Durant ces années, Loti, mobilisé, remplit différentes missions. Il se partage entre sa maison de Rochefort, où il jouit « d’un calme et d’un silence comme à la Trappe », celle d’Hendaye, et le Palais d’Orsay, hôtel de prestige où il demeure lors de ses séjours parisiens. Il voyage aussi, sur le front, mais aussi en Italie et ailleurs, pour les besoins des tâches diplomatiques dont il est chargé. Dans son Journal, les faits circonstanciés concernant sa famille, dont son fils Pierre, et ses familiers, voisinent avec des récits où sont mis en scène des personnages tels qu’Eleonora Duse, sans doute la comédienne la plus illustre de son temps, qui fut l’égérie de Gabriele d’Annunzio.

 

Dans le même temps, l’activité littéraire de Loti ne se ralentit pas. Il se multiplie dans la presse, Le Figaro, L’Illustration, entre autres. Littérature « officielle », en quelque sorte. Son Journal présente une autre facette de son talent. C’est ce qui en fait l’intérêt et l’agrément.

 

Le style en est sans apprêt, souvent lapidaire ou elliptique. Il vise avant tout à l’efficacité. Ainsi ce récit, daté du 12 octobre 1916, et situé à la station de DCA de St Fontaine, dans les Vosges : « Guetté tout le jour les avions boches ; un seul paraît que nous bombardons et qui se sauve. La vue est immense, sur les vallées, les cimes ; on aperçoit les tranchées boches.

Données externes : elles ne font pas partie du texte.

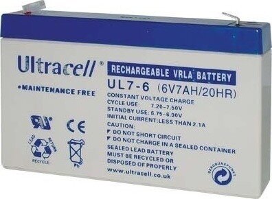 The Ultracell UL7-6 6V lead battery has a large capacity of up to 7,000 mAh (at 0.350A). The VRLA (valve-regulated lead-acid) lead battery is largely maintenance-free and delivers very reliable performance. Lead batteries are suitable for use in small vehicles, servers and other large mobile devices.

L’attaque française nous est annoncée pour 4 heures ; rien de visible nulle part, rien qui bouge, un calme infini sur les campagnes ensoleillées. »

 

Quand, après une longue attente, l’attaque se déclenche enfin, « le bruit infernal dure ½ heure, et toutes les vallées sont pleines d’épais nuages qui traînent dans les tranchées boches (nos gaz asphyxiants). Et puis tout à coup, l’attaque est finie, les tranchées boches à moitié bouleversées. Il n’y aura plus demain qu’à compter les morts. » Difficile d’être plus concis – et plus expressif.

 

À noter la qualité de l’appareil critique qui offre, outre une introduction et une biographie de Loti, de copieuses annexes contenant, entre autres, une bibliographie critique. Autant dire que cet ouvrage de référence est aussi un indispensable outil de travail.

 

Jacques Aboucaya

 

Pierre Loti, Soldats bleus, Journal intime 1914-1918, édition établie par Alain Quella-Villéger et Bruno Veccier, La Table Ronde, coll. « la petite vermillon », janvier 2014, 424 p., 10,20 €


> Lire également la critique de Frédéric Chef

Aucun commentaire pour ce contenu.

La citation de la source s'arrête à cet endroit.